Yoga for children is a form of yoga as exercise designed for children. It includes poses to increase strength, flexibility, and coordination. Classes are intended to be fun and may include age-appropriate games, animal sounds and creative names for poses.

==Approach==

Montessori and Kundalini Yoga teacher and teacher trainer Shakta Khalsa began to teach yoga to children in the 1970s, in a Kundalini community.

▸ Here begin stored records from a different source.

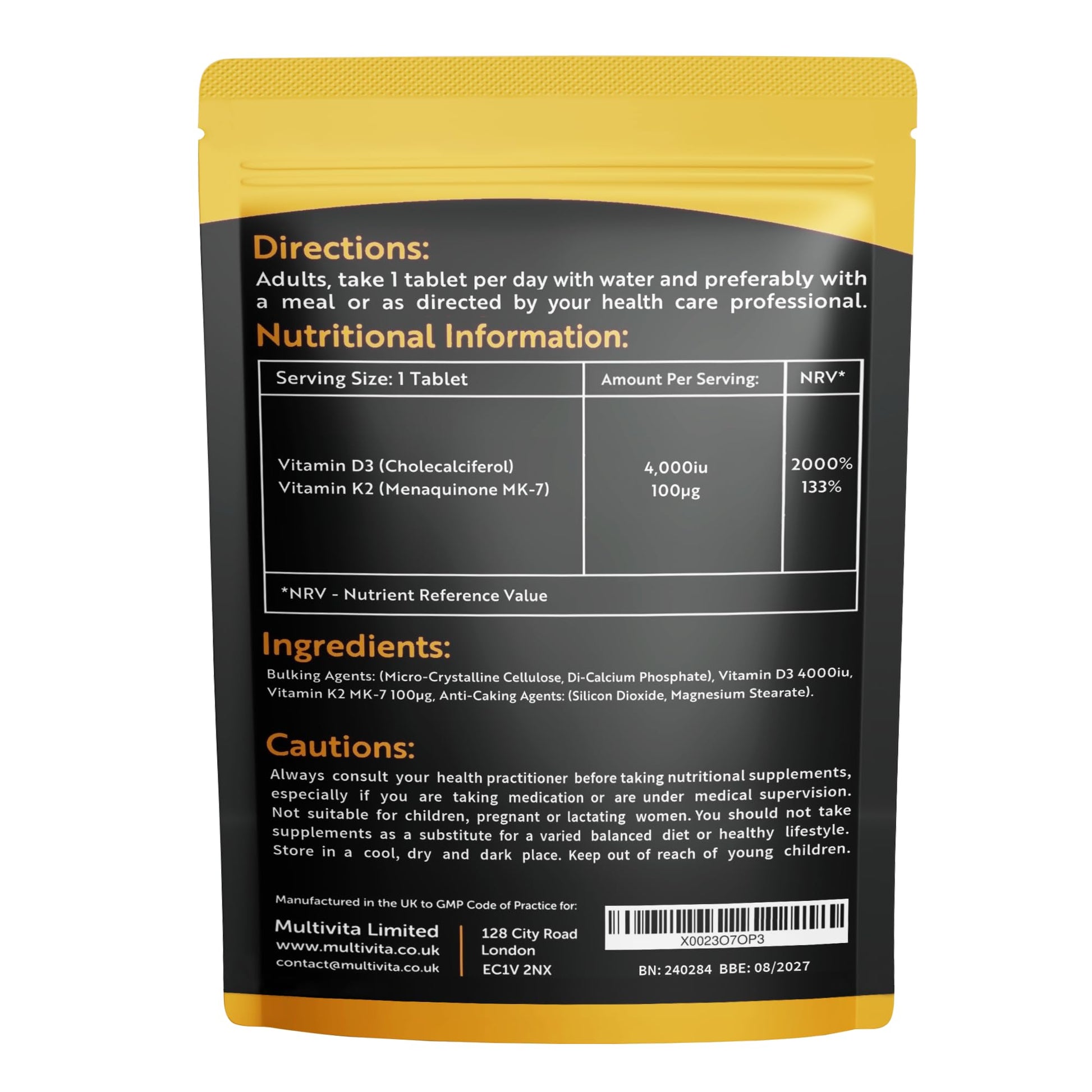Boost your vitamin D3 and K2 intake with this convenient 4-month supply of high-strength vegetarian tablets. Each tablet contains 4000iu of vitamin D3 and 100mcg of vitamin K2 (MK7), expertly formulated to support bone health, immune function, and overall well-being. These easy-to-swallow, non-GMO tablets are made in the UK to the highest quality standards, ensuring optimal potency and purity. With just one tablet per day, you can effortlessly incorporate these essential vitamins into your daily routine. Enjoy the peace of mind that comes with a reliable, high-quality supplement from a trusted brand.More Info
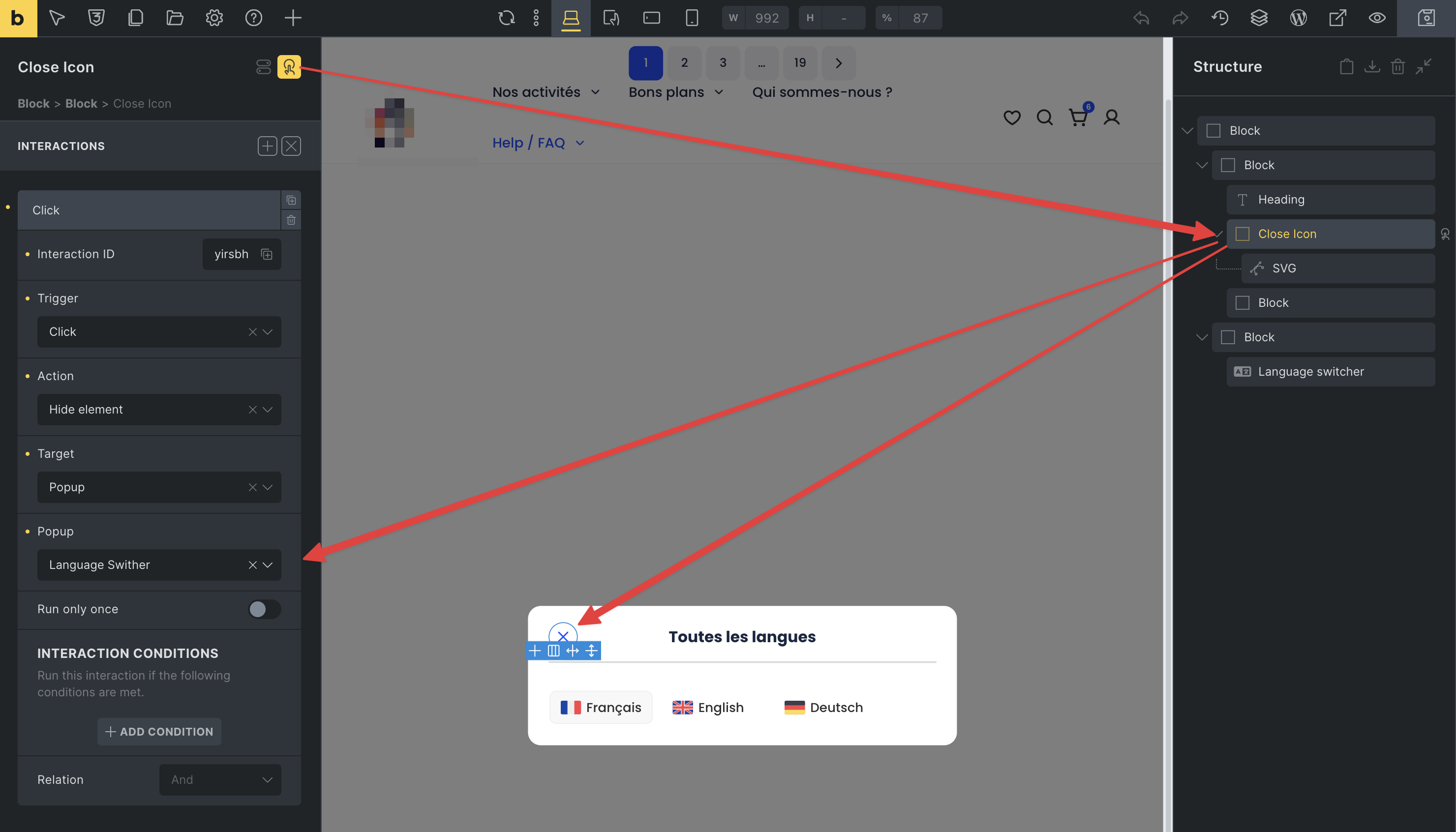 I have translated the header and the popup also, in the translated language the popup is displayed, but I can’t close it on the x button.
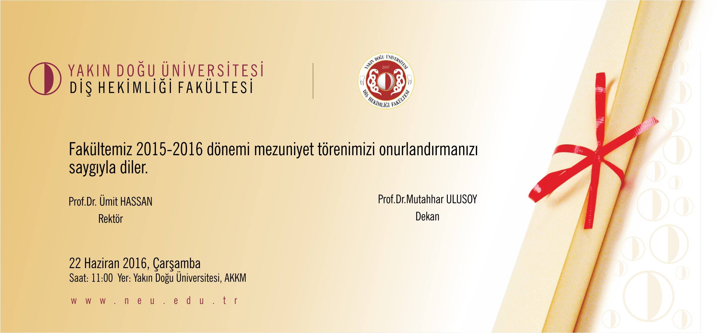 YDÜ, Diş Hekimliği Fakültesi 2015-2016 Eğitim-Öğretim Yılı Mezuniyet Töreni

She states that the approach is not "just a scaled-down version of yoga for adults—it's a whole different animal." She taught asanas using simple descriptions: Downward Dog pose by getting the class to make the shape of a mountain, and Virabhadrasana by asking them to be "fearless warriors". She led children into pranayama with breath-awareness exercises like blowing on a feather and noticing the different feelings that came when you blew hard or gently. She discovered that the teacher had to avoid even basic terms like "inhale" and "exhale" if the children didn't know those words. In 1998 she published an early guide to children's yoga, Fly Like a Butterfly.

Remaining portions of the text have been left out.